Defying Heathrow’s management, Emirates said it won’t comply with a directive for airlines to cancel flights this summer to and from the London airport. Heathrow is trying to ease congestion at the airport.
“Emirates is a key and steadfast operator at LHR, having reinstated six daily A380 flights since October 2021,” the carrier said in a statement on Thursday. “From our past 10 months of regularly high seat loads, our operational requirements cannot be a surprise to the airport.”
On Tuesday, Heathrow CEO John Holland-Kaye wrote an open letter to flyers, explaining that it is capping the airport’s daily passenger capacity at 100,000 through Sept. 11. Kaye also asked airlines to stop selling summer tickets on flights to and from Heathrow, as daily bookings already exceed the cap.
Heathrow issued those orders while the airport attempts to address a rash of service problems this summer, including excessive security lines and widespread failures with baggage handling.
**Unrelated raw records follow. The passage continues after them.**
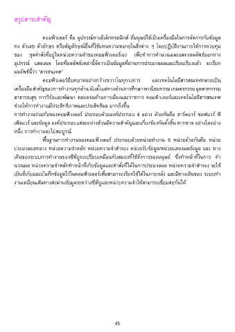 ประมวลผลกลาง หนวยความจ�าหลัก หนวยความจ�าส�ารอง หนวยรับข้อมูล/หนวยแสดงผลข้อมูล และ ทาง
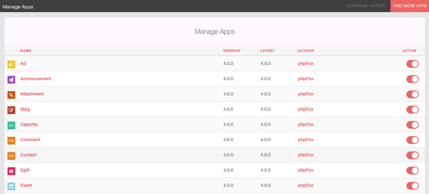 | 3 | New Apps Manage Page in AdminCP |
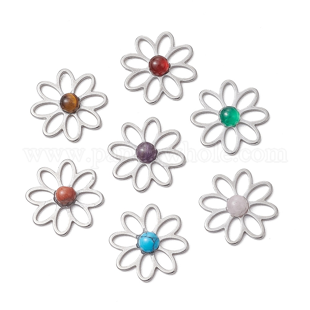 201 Кабошоны из драгоценных камней в форме цветка из нержавеющей стали, смешанные окрашенные и неокрашенные, платина
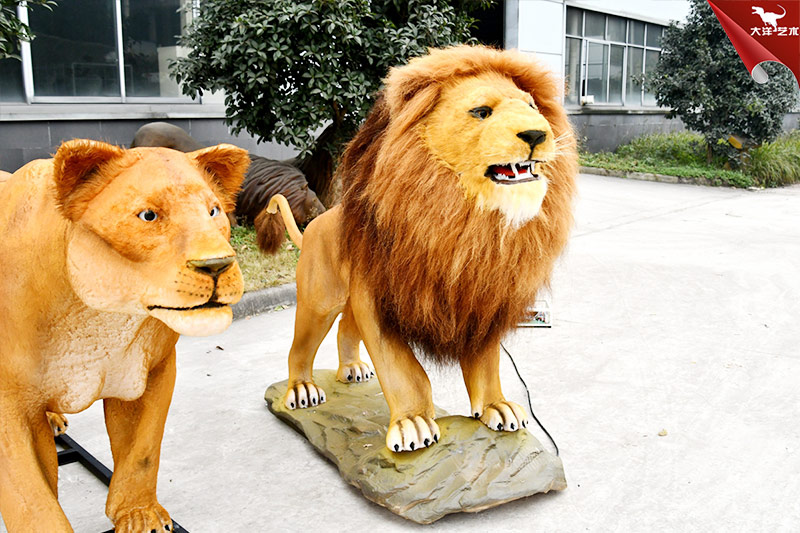 仿真獅子模型,一只公獅一只母獅,造型逼真,惟妙惟肖,仿真還原度高,能動會叫,主要用于景區(qū)、游樂場、動物園等場所!
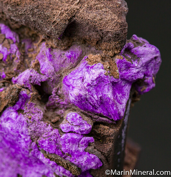 Bright, chatoyant fibrous Sugilite occurring as tightly packed crystals on matrix. Good masses of Sugilite on both sides of specimen. From a rare and limited find in 2014 that produced mostly thumbnail sized specimens. This is a piece that has been stashed away for years and is the largest of this type I've ever had, offered now for the first time.
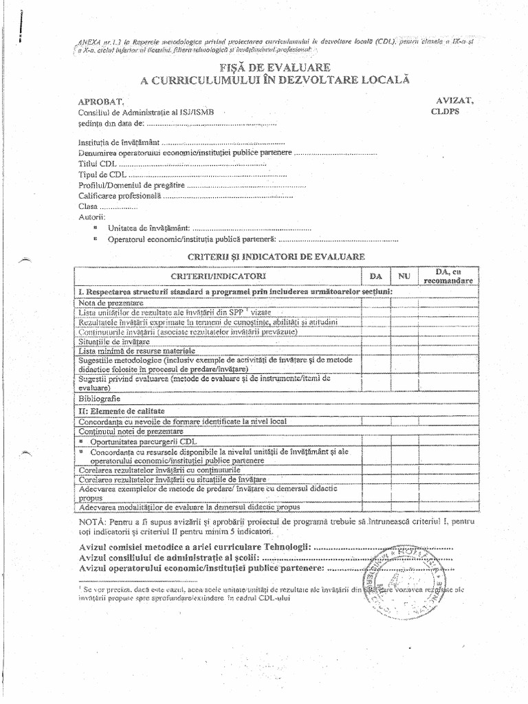 Avizul comisiei metodice a ariei curriculare Tebnolog
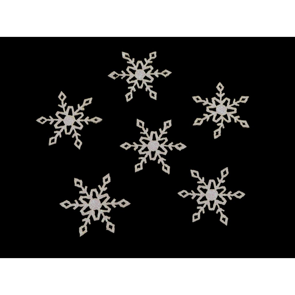 Filcové vločky zdobí z jedné strany třpytivé glitry. Můžete s nimi ozdobit adventní věnce, jmenovky na slavnostní tabuli, přáníčka a různé vánoční dekorace.
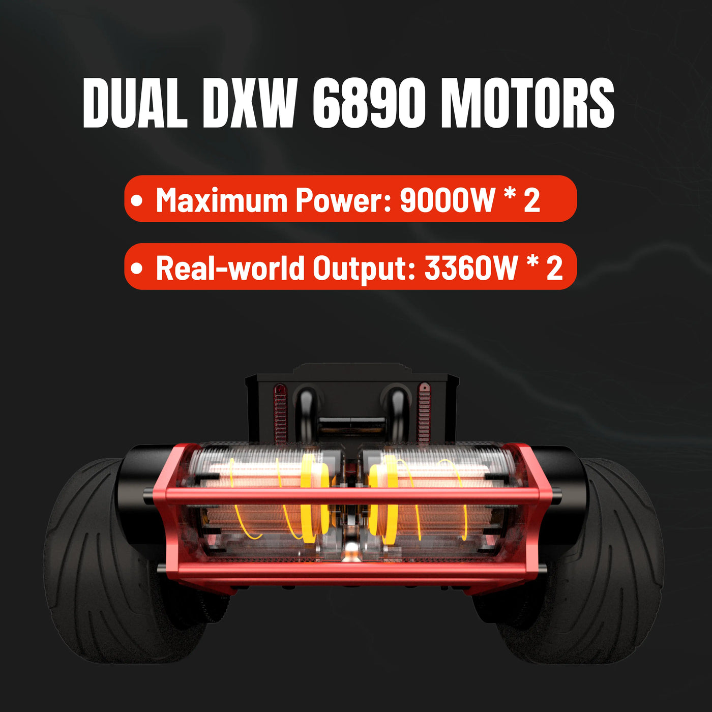 Push the limits with the DXW 6890 dual motor system, engineered for race-level high performance. Each motor delivers up to 9000W maximum power and 3360W real-world output, providing instant torque and explosive acceleration for sprinting, hill climbing, or high-speed cornering. Built for stability and durability at maximum load, this setup maintains precise control even in demanding conditions, making it ideal for riders who require strong, consistent power without compromising handling.
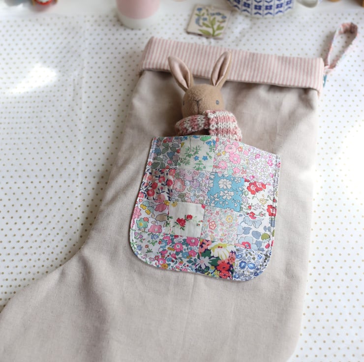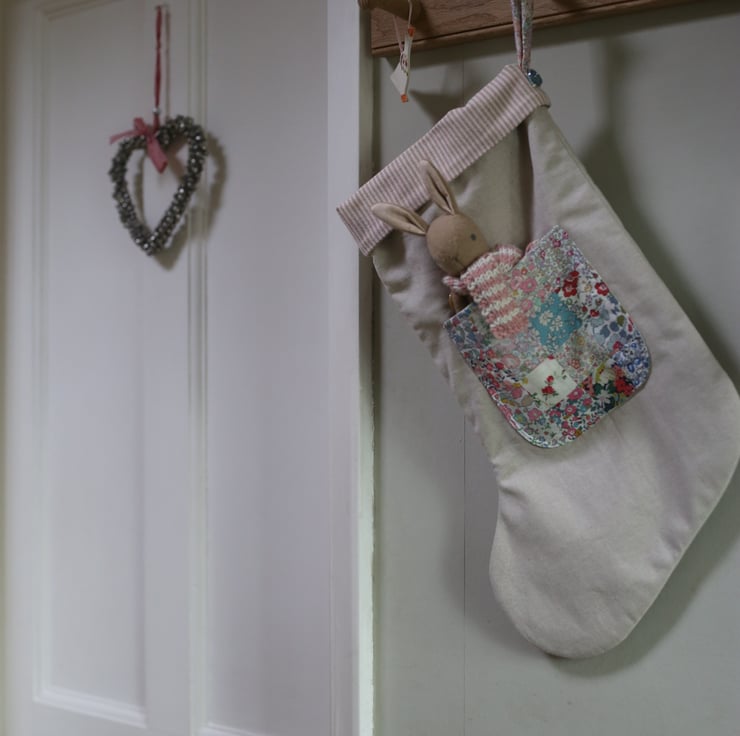 Each stocking has a patchwork pocket made from 16 beautiful Liberty of London prints including Betsy, Capel, Eloise and Betsy Ann.
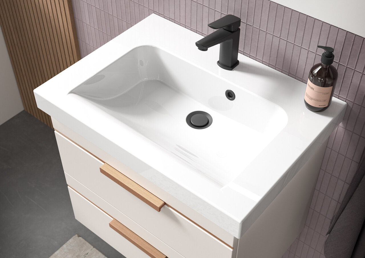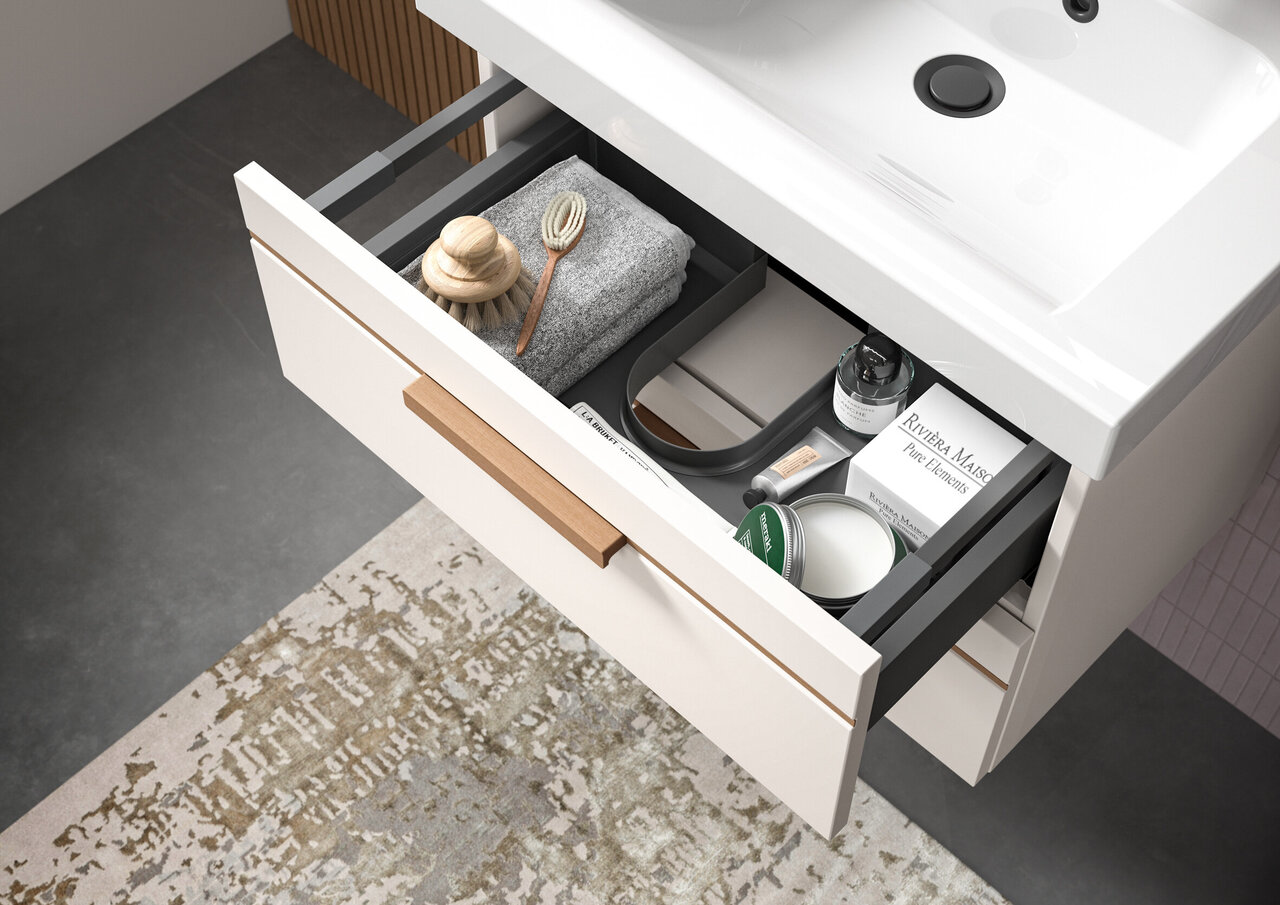 Our furniture is fitted with high-quality glass shelves. The washbasin vanity units are fitted with a shelf in carcass colour.
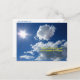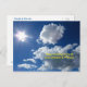 Una postal con una fotografía de nubes esponjosas y una estrella del sol o rayos de sol. Fotografiado en el suroeste de Florida. Esta fotografía de nubes y sol, está protegida por derechos de autor y registrada por mí, Christina Spiegeland. Copyright 2016.
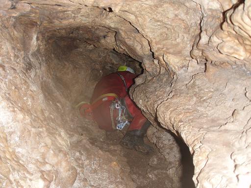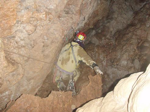 Tras el pozo nos metemos por una gatera descendente que es un meandro donde al final de este aparece un pequeño hilo de agua, que nos lleva a la cabecera del P17, que tiene un pequeño roce a unos 2 metros de la cabecera, la base es una repisa donde la diaclasa se divide en dos pozos, los P52 decidimos tomar el ramal este, pero enseguida vemos que le falta la placa al parabolt, por lo que volvemos al ramal oeste, es un pozo amplio, según bajamos encontramos una gran laja vertical que hace dudar a Jorge por que lado tomarla pero enseguida localiza la siguiente fraccionamiento en la misma pared un metro más abajo, pero no se evita un pequeño roce. Llegamos a la base del pozo que es un caos de bloques en una estrecha galería como en forma de L.
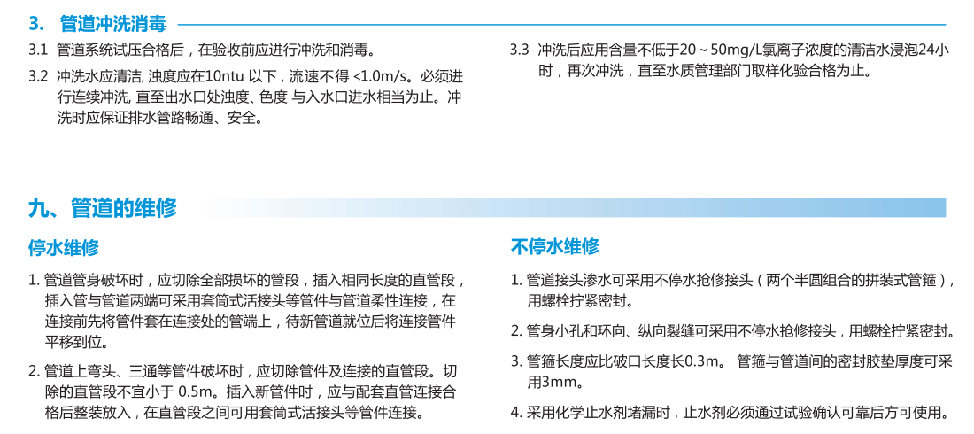 宜昌HDPE雙壁波紋管作為現(xiàn)代城市建設(shè)和基礎(chǔ)設(shè)施中的重要材料,因其優(yōu)良的耐腐蝕性、高強(qiáng)度、輕量化及良好的柔韌性,被廣泛應(yīng)用于排水、排污、農(nóng)田灌溉及通信工程等領(lǐng)域。然而,為了確保其長(zhǎng)期正常運(yùn)行,定期的維護(hù)與保養(yǎng)顯得尤為重要。 首先,定期檢查是保養(yǎng)工作的基礎(chǔ)。應(yīng)定期檢查管道表面是否有損壞、磨損或裂紋,特別是在管道連接處。同時(shí),需檢查管道周圍是否有滲漏的水,一旦發(fā)現(xiàn)滲漏,應(yīng)及時(shí)修復(fù),防止問(wèn)題擴(kuò)大。此外...
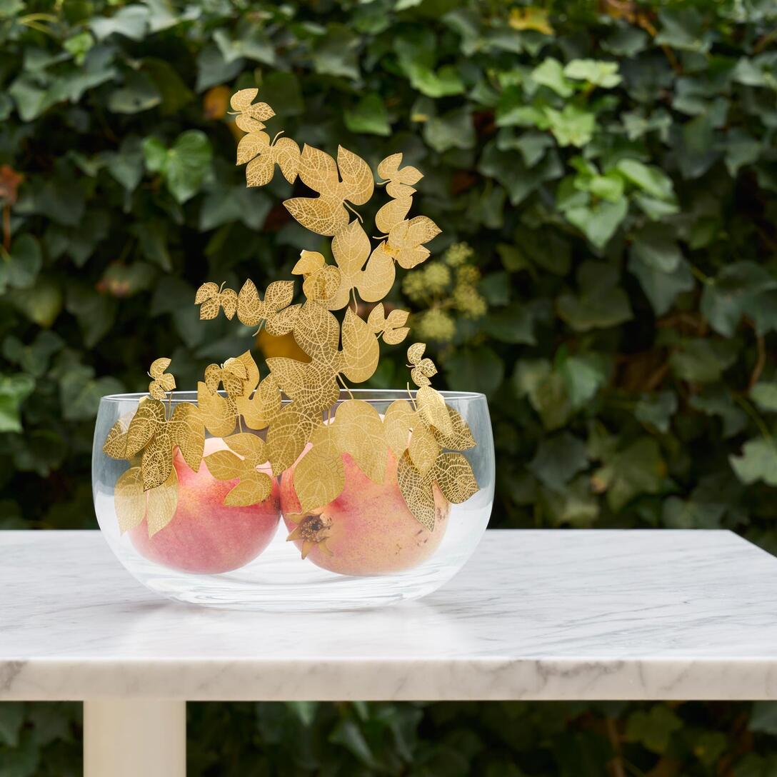 Misa Autumn in NY to dekoracyjny akcent, który wnosi do wnętrza romantyzm jesieni – nie tylko za sprawą swojej formy, ale i wyjątkowego detalu. Kryształowa misa ozdobiona ręcznie wykonanymi liśćmi z metalu, subtelnie spoczywającymi na jej krawędzi, przypomina spacer po nowojorskim parku o zmierzchu. To nie tylko przedmiot użytkowy, ale także artystyczny hołd dla ulotnego piękna natury.
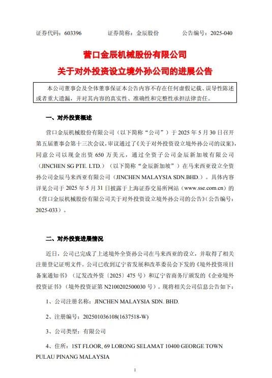 8月5日,金辰股份(603396)公告称,公司于2025年5月30日召开第五届董事会第十三次会议,审议通过了《关于对外投资设立境外孙公司的议案》,同意公司以现金出资650万美元,通过全资子公司金辰新加坡有限公司(JINCHENSGPTE.LTD.)(以下简称“金辰新加坡”)在马来西亚设立全资孙公司金辰马来西亚有限公司(JINCHENMALAYSIASDN.BHD.)。
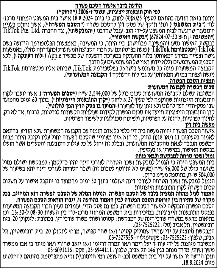 תקציר – ביום- 18.08.2024 בבית המשפט המחוזי מרכז בלוד אישור הסדר פשרה בין הגב' ענבל שהרבני לבין TIK TOK Ltd
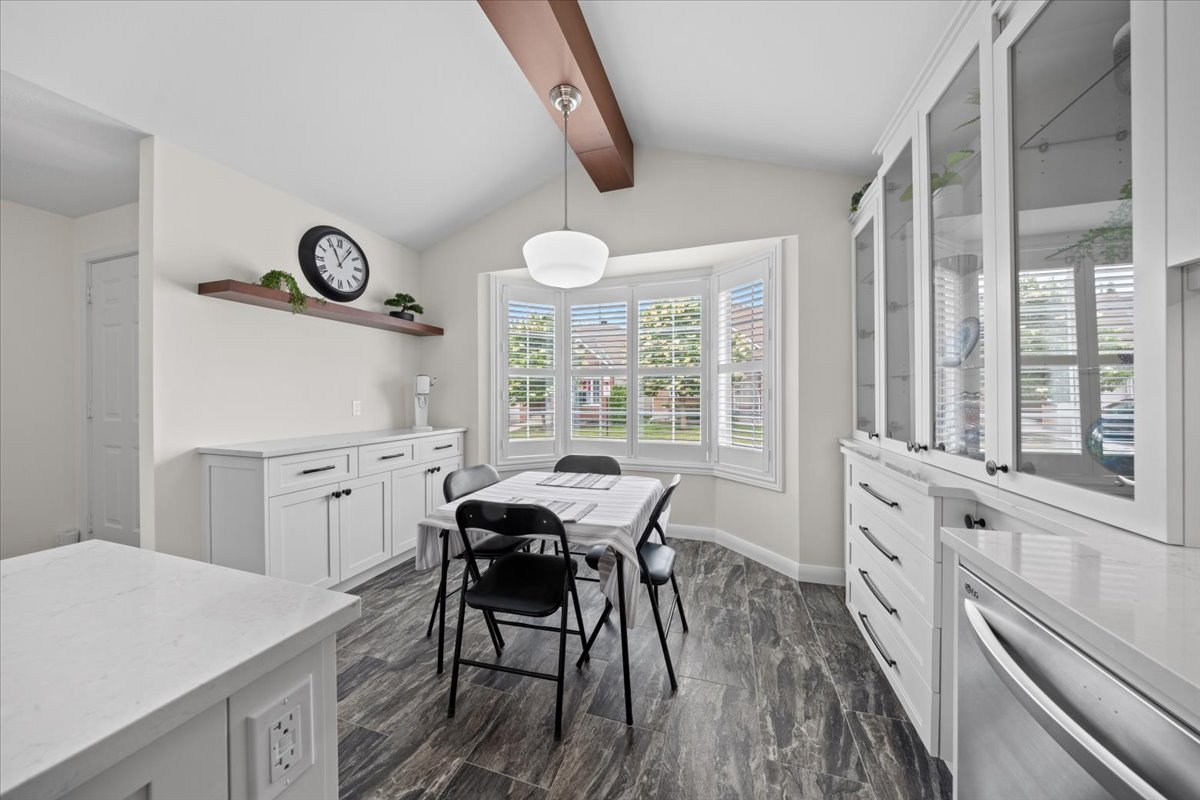 Enter through the welcoming foyer with room for a bench and a double closet. Turn into the custom kitchen with bay window. With extra cabinetry, the eating area is a lovely space for morning coffee. Catch a glimpse of the decorative beams as you move to the island and appreciate the care taken for every cooking requirement, including the paper towel roller and pull out shelving.
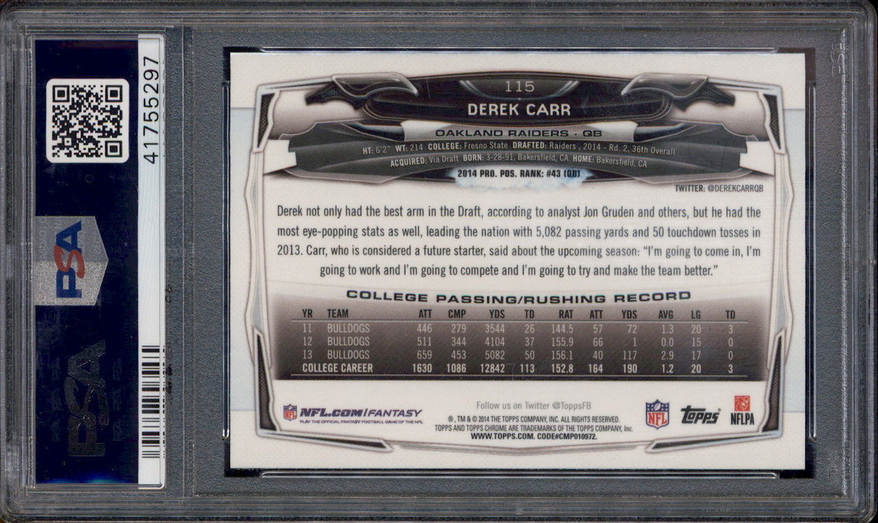 2014 Topps Chrome With Ball #115 Derek Carr RC PSA 10

Emirates said Heathrow told the carrier on Wednesday evening that it must comply with capacity cuts within 36 hours. The airport, Emirates said, stated the specific flights on which the airlines should exclude passengers and threatened legal action for noncompliance.
Emirates asserts that Heathrow wants the carrier to deny seats to tens of thousands of passengers.
“Emirates believes in doing the right thing by our customers,” the airline said. “However, rebooking the sheer numbers of potentially impacted passengers is impossible with all flights running full for the next weeks, including at other London airports and on other airlines. Adding to the complexity, 70% of our customers from LHR are headed beyond Dubai to see loved ones in far-flung destinations, and it will be impossible to find them new onward connections at short notice.”
Heathrow didn’t immediately respond to a request for comment on Thursday afternoon.
Emirates said that until further notice, it plans to operate as scheduled from Heathrow.